Is A $100 Wine Better Than A $10 Wine?

The Pepsi ChallengeUpon finding out I was a wine writer and Sommelier, a new coworker turned to me saying “I have to ask, is a $100 wine really better than a $10 wine?” I smiled and start to answer, when a friend, who is my new boss says “Well, do you like Coke, or Pepsi?” Stay with me now, I knew where he was going.

The first consideration that goes into picking a $100 bottle over a $10 bottle of wine is the ability to taste the difference. If you fail the “Pepsi Challenge”, chances are you probably won’t appreciate the flavor difference in the two price ranges. However, once we discern you can tell the taste difference between the two, the question becomes is the price difference worth it to you. Everyone has a different threshold for luxury.

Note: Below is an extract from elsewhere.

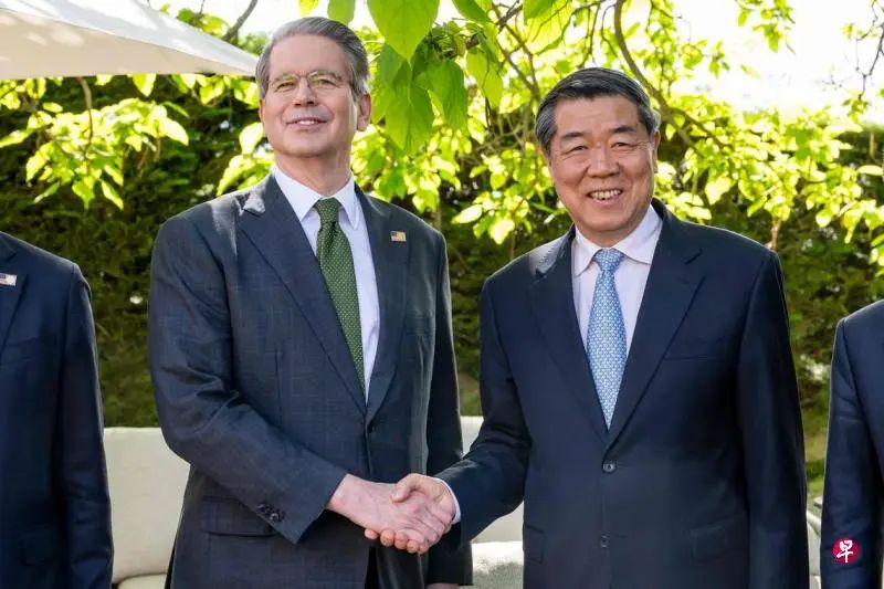 5月11日,在日內瓦出席貿易談判的美國財政部長貝森特和中國副總理何立峯握手(圖源:法新社/《聯合早報》發)

Thus, it depends on what your “wine luxury” threshold is set to.

If you’re a mountain bike enthusiast, you can ride the trails on a $250 Huffy, or a $9,153 Santa Cruz Tallboy 2 Carbon XX1 Enev. You’ll still ride the same trails, but one ride is on a carbon fiber body and wheel assembly, and the other is on plain old metal. You may start and stop at the same place, but you certainly did it on a different level. If biking isn’t your thing, think Luxury cars, as Rob did. You can buy the $40,000 Nissan 370Z, or the $2 Million Pagani Huayra. Is there really a $1,960,000 difference in the way the car gets you from the house to the office? Probably not, but your luxury threshold causes you to buy one over the other. Luxury and taste aside, there are a few other factors that go into the pricing of wine to consider. And here’s where I got to geek out a little.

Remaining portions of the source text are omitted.